- _Provided information_:
[Start of section]

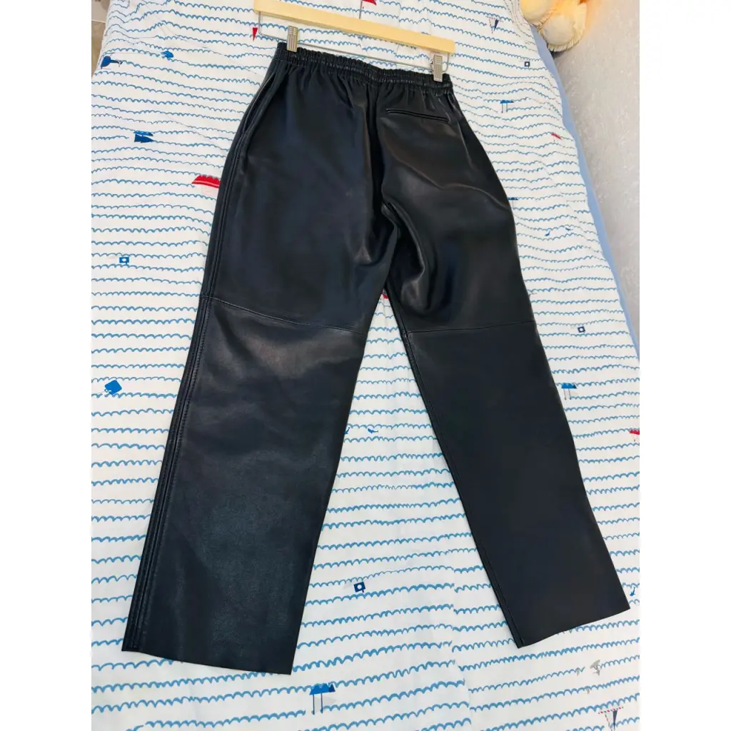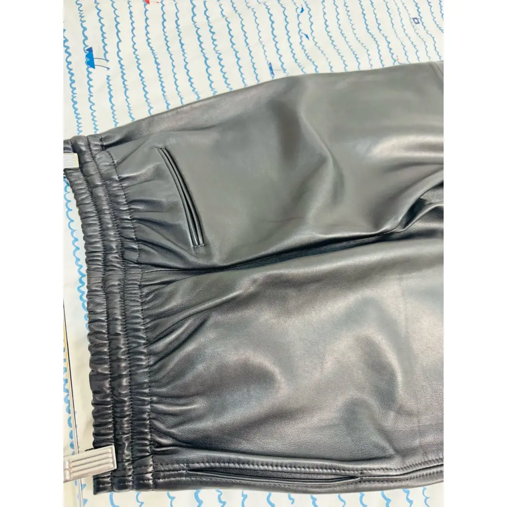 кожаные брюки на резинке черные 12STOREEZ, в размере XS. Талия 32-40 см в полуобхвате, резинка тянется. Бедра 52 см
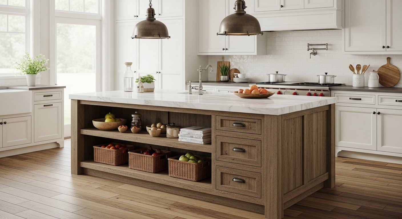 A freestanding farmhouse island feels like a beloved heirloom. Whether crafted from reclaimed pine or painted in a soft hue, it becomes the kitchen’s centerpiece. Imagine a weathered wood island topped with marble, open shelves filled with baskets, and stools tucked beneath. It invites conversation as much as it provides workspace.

[End of section]
[Start of section]

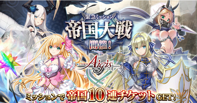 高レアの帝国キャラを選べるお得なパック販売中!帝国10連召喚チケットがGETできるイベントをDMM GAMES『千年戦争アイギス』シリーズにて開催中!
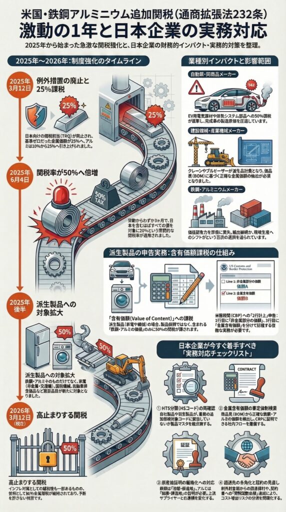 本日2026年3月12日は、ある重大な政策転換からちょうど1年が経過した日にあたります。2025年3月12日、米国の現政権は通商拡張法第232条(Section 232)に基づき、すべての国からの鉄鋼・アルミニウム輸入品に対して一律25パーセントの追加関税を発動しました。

[End of section]

- _What the task requires_: With pictures excluded, reproduce exactly the lines above from the one containing "кожаные брюки на" down to the one containing "A freestanding farmhouse", those two included.

- _Exercise output_:
 кожаные брюки на резинке черные 12STOREEZ, в размере XS. Талия 32-40 см в полуобхвате, резинка тянется. Бедра 52 см
 A freestanding farmhouse island feels like a beloved heirloom. Whether crafted from reclaimed pine or painted in a soft hue, it becomes the kitchen’s centerpiece. Imagine a weathered wood island topped with marble, open shelves filled with baskets, and stools tucked beneath. It invites conversation as much as it provides workspace.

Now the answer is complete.